Highs and lows: David Gordon Green walks a fine line
The award-winning director is best known for stoner hits Pineapple Express and Your Highness, but he also does a fine line in quality – and is always eager to sort out the stoner farce from the high art
Writer/Director David Gordon Green at the Sundance festival in Park City, Utah. (Photo by Jamie McCarthy/Getty Images)
Emile Hirsch and Paul Rudd in Prince Avalanche
Imagine, if you will, that Terrence Malick decided to direct an instalment of the American Pie franchise. Further imagine that, rather than mould the project to his own transcendental purposes, Malick embraced the gross-out aesthetic with enthusiasm.
Something similarly dissonant occurred when David Gordon Green, young director of powerful, pocket-gothic pictures such as George Washington and All the Real Girls, ventured into stoner farce with Pineapple Express, Your Highness and The Sitter. It’s hard to think of any arthouse director who has made that sort of shift.
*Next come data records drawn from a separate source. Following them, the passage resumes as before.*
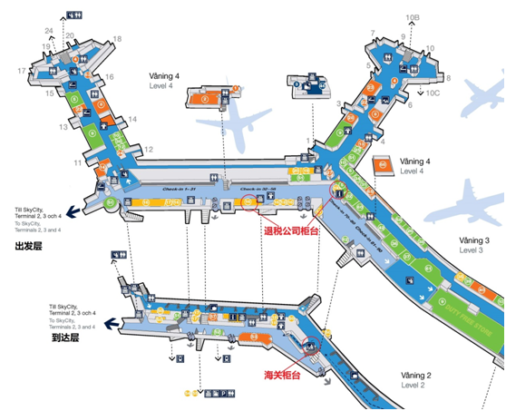 2. If tax-free goods are within the check-in luggage, then before going through the boarding procedure, please apply to the Customs Office for tax refund by presenting your Tax Refund Form, passport, tax-free goods and sales slip to the Customs Office (near the entrance to the Arrival level) for inspection and stamping.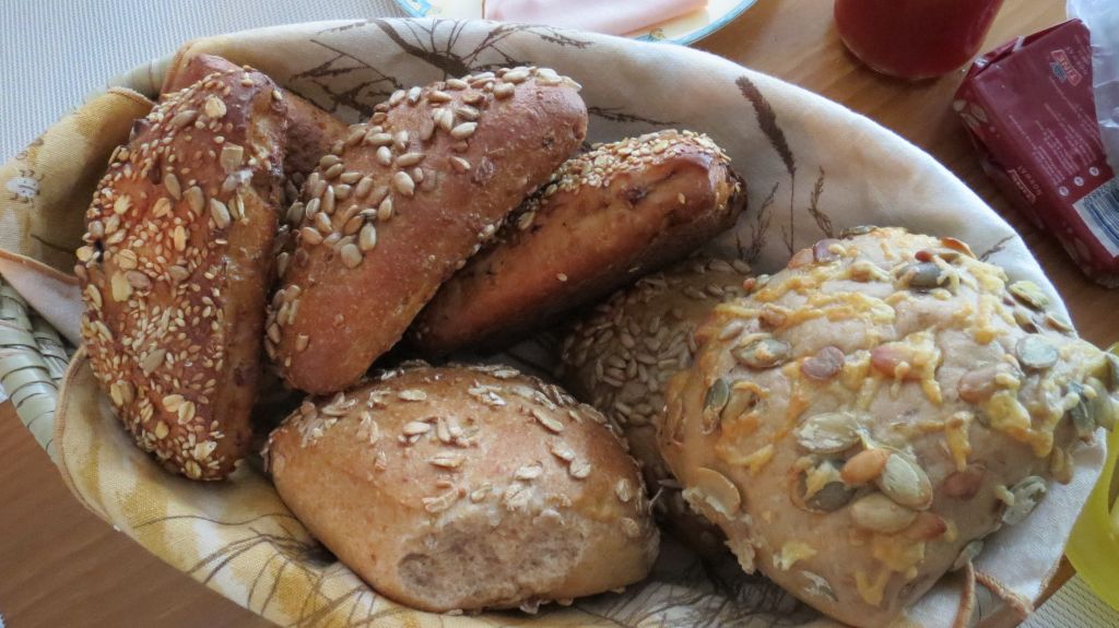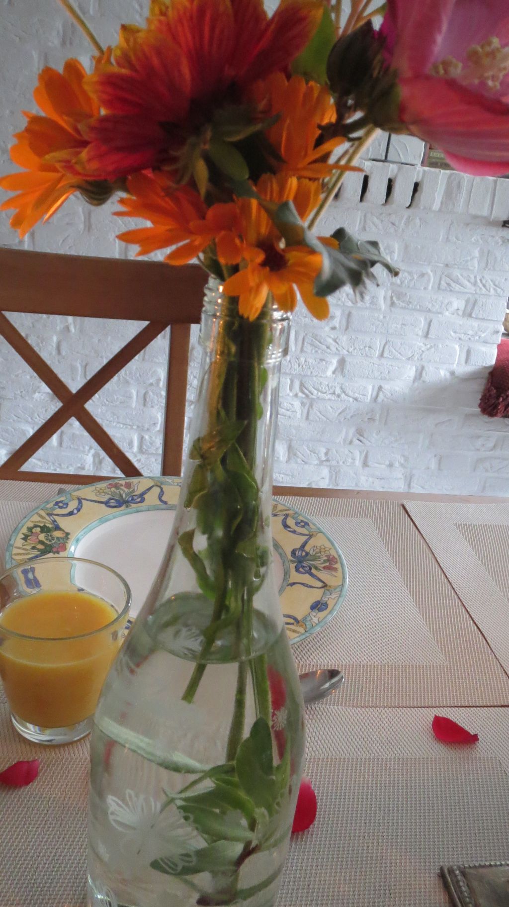 Mokka mit Herzchen auf geschäumter Milch, frische Brötchen vom Bäcker, Hochzeitstag- Karte, Blumen in unseren Lieblingsfarben aus dem Garten und Rosenblätter auf dem Tisch gestreut. Die Rosenblätter sahen verdächtig wie die Rosen im Nachbars-Garten aus?? (Unsere Rosen sind seit 3 Wochen verblüht! :-D!) Romantisch, oder??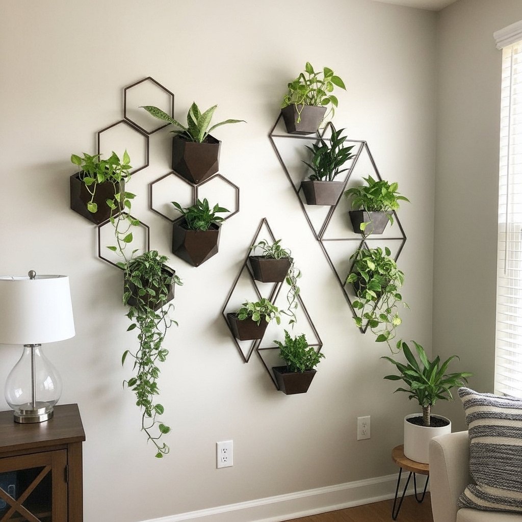 Geometric trellises are perfect for adding a bold and artistic statement to your home. Designs like hexagons, triangles, or abstract shapes turn your plant display into wall art. These trellises are often made from metal or wood and can be customized to fit your space. Climbing plants naturally follow the shapes, enhancing the visual effect. This idea is great for those who want a modern and creative indoor garden.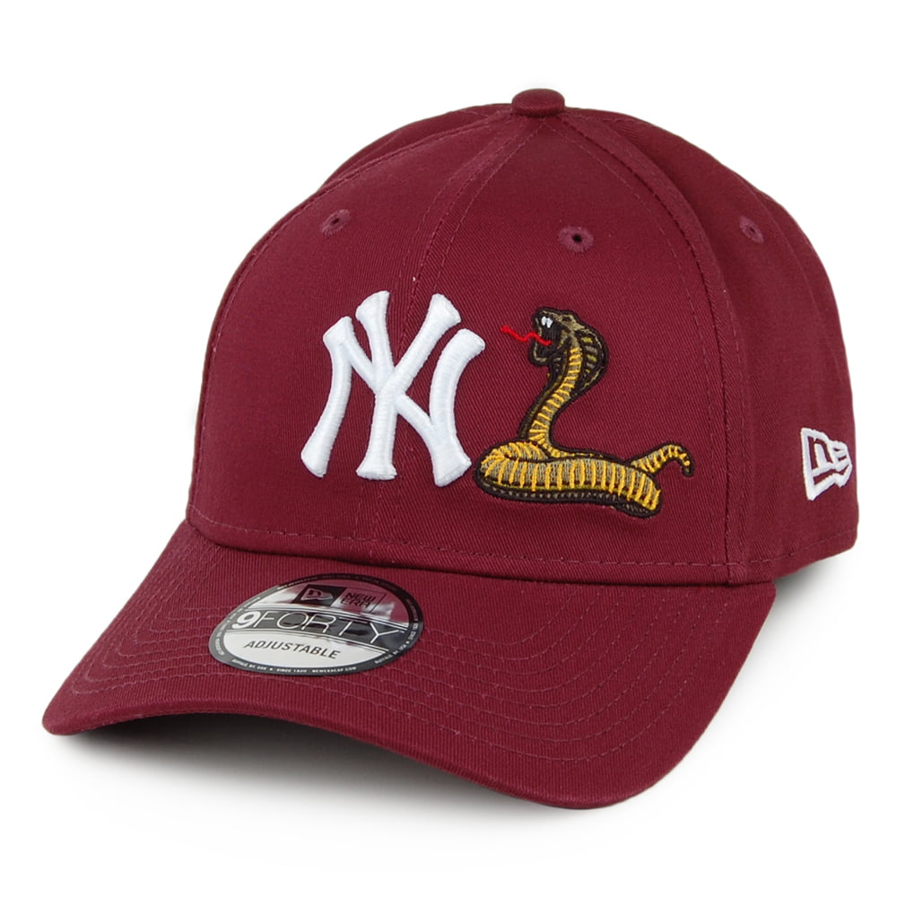 Gorra de béisbol 9FORTY MLB Twine de los Yankees de Nueva York de New Era en granate. Este estilo único tiene el logotipo del equipo bordado en el frontal de la gorra con una serpiente a un lado. La insignia de New Era está bordada en el lateral y hay un broche ajustable en la parte trasera. La gorra está hecha de algodón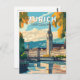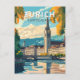 Zurich retro vector travel design. The picturesque lanes of the central Altstadt (Old Town), on either side of the Limmat River, reflect its pre-mediaeval history.

“To me, it’s surprising that he made those other serious films,” Pineapple Express star Seth Rogen once told me. “We just know him as this crazy guy who makes these crazy films.”
What does Green make of that assessment?
“That doesn’t surprise me at all,” he says in a calm, educated voice. “Just as Seth would get into character if he’s in more serious material, I am a different person when working on a different movie. If I was doing a horror film, I would show another side.”
This month, after dallying in low-brow territory for the past half-decade, Green, a 38-year-old Texan who enjoys a dry joke, sets out to rediscover his more offbeat roots. The cracking Prince Avalanche is definitely a comedy – Emile Hirsch and Paul Rudd play two chaps repainting road markings in land ravaged by forest fire – but it is a comedy of the most peculiar stripe. The dialogue meanders. The tone is often sombre. Based on an Icelandic film called Either Way, Prince Avalanche still emanates a dry, very Nordic class of wit.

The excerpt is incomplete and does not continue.